Learning to facilitate is as much a personal journey as professional
During the last year I have fallen in love with facilitation as a tool to change the status quo. I have luckily had the chance to co-facilitate several events and processes. The latest experience was the Hyper Island Way Week, the week all the students are introduced to the Hyper island way of working and thinking. It’s a week about creating open minds, curiosity, trust in a new class of 40 people and building the foundation for learning. I want share my accumulated learnings from the last year because sharing is caring and since I hope they can be of value to my peers. And because I hope that it will connect me with like-minded (and people who disagree).
Learning 1
If I take the responsibility, I take the responsibility from them.
When Saga Forsmark, Hyper Island Program Manager and process designer told me this it kind of blew my mind and started some serious personal reflection. I am a natural responsibility-taker and I have done it always. This is something I am not (painfully) aware as a facilitator.
Learning 2
I have to be aware of the glasses/view that I have as a facilitator.
Where do I naturally lead things to? I have to be mindful that I’m not pushing the group in a direction, just because it’s what I prefer, because it might not be what the group needs.

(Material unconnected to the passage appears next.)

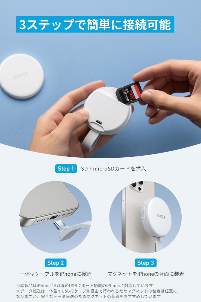 iPhone用に設計され、最大10Gbpsの高速データ転送と42.5W出力で充電が可能な、マグネット式ポータブルカードリーダー
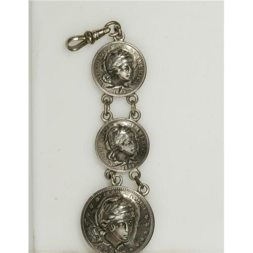 <B>1902 Barber Coin Three-Piece Watch Fob Pop-Out Heads.</B></I> This lot is similar to the preceding lot, except the date on the coins is 1902 and the coins include two dimes and one quarter (has a pin attached to the reverse). In addition, the date bar has the patent date of Feb 03. The current market value is approximately $125-$175.<BR><BR><b>Shipping:</b> Coins & Currency (<a target="_blank" href="http://www.heritageauctions.com/common/shipping.php">view shipping information</a>)

Saga, a friend and learning designer gave me her tip on creating a Facilitation Mantra to create and be aware of the mindset you want to bring.
Learning 3
Håll Människor Högt (Hold people high)
I learned this expression from Louise Norrman, a coach, process designer and facilitator. it’s about trust in people and me being a humble facilitator. It’s about believing that the group and people know what they need. and I learned that in a situation where I’m not sure about what the group needs, this mindset can be valuable.
Learning 4
Who is my audience ?
I need to always be aware of who my audience is and try to understand what glasses they are viewing the world with to reach them.
Learning 5
I have to be over-prepared and expect everything to change.
Things will happen and not always in the order that I plan ahead. Being completely respectful of my pre-planned process can be counterproductive to my goal. Instead I can use it as a support for the process.
Learning 6
Trust the process vs Trust that there is a process
Building on the last learning I should tell the group to Trust the process. But I also have to make them understand and trust that there is a process. Think about it — I would have a hard time trusting a process, if I don’t there is one. So in the future — I will say make sure there is a process — and then trust it.
To follow up on the title during this year I have learned a lot about myself, by learning to facilitate. I know I have many more reflections to make and learnings to get as a facilitator, learning designer and about myself. It’s a journey and it has only just begun.